Default command: voicsh alone starts mic recording (no subcommand)
Pipe mode: cat file.wav | voicsh → transcribe → stdout
Auto-resample WAV to 16kHz mono (linear interpolation)
GPU feature gates: --features cuda, vulkan, hipblas
Logging cleanup: all output respects -v/-vv levels consistently
Honest README matching actual features
Unix socket IPC: voicsh start / voicsh stop / voicsh toggle
Model stays in memory (~300MB for base.en)
Systemd user service: voicsh install-service
voicsh status shows daemon health
Shell completions (bash/zsh/fish)
voicsh init — auto-tune: benchmark hardware, recommend model, download
voicsh follow — stream daemon events (meter, state, transcriptions)
voicsh config get/set/list/dump — manage config without a text editor
Hallucination filtering (configurable, language-specific)
Fan-out mode — run English + multilingual models in parallel, pick best

0.1.0 — Voice commands (done)

Spoken punctuation, formatting, and keyboard control.

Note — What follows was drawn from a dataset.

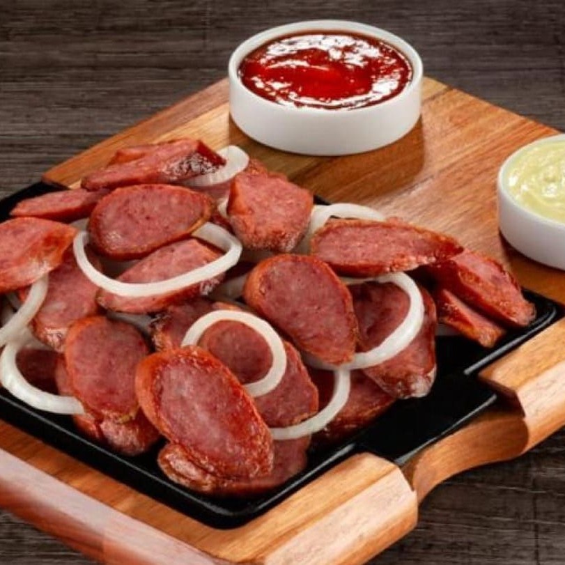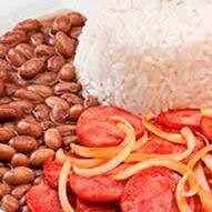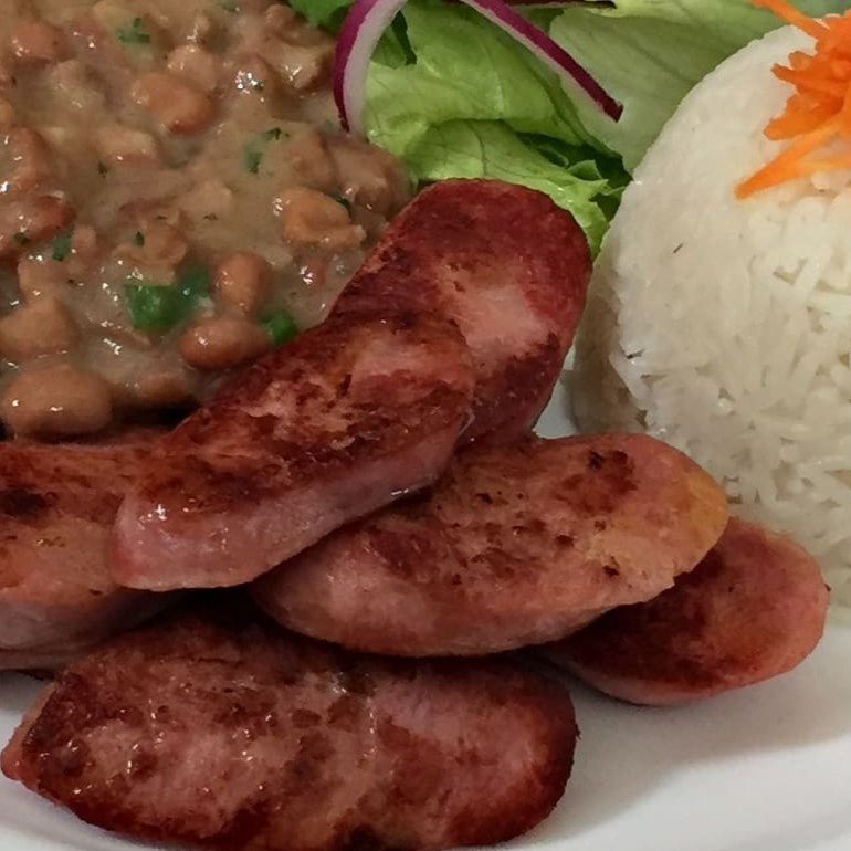 Calabresa Acebolada, Arroz, Feijão E Salada

Punctuation: “period”, “comma”, “question mark”, “exclamation mark”, etc.
Whitespace: “new line”, “new paragraph”, “space”, “tab”
Caps toggle: “all caps” / “end caps”
Symbols: slash, ampersand, at-sign, dollar, hash, percent, asterisk, etc.
Brackets: open/close paren, brace, bracket, angle bracket
Key combos: “delete word” (Ctrl+Backspace), “backspace”
Configurable vocabulary in config.toml (user overrides merge with built-ins)
Rule-based (no LLM needed)
Multi-language: en, de, es, fr, pt, it, nl, pl, ru, ja, zh, ko
GNOME Shell extension (voicsh install-gnome-extension)

0.2.0 — Text refinement

LLM post-processing for polished output.

Local: Ollama, llama.cpp server (auto-detect running)
--refine default|formal|casual|code
Timeout + fallback to raw transcription
Cloud providers optional (Anthropic, OpenAI)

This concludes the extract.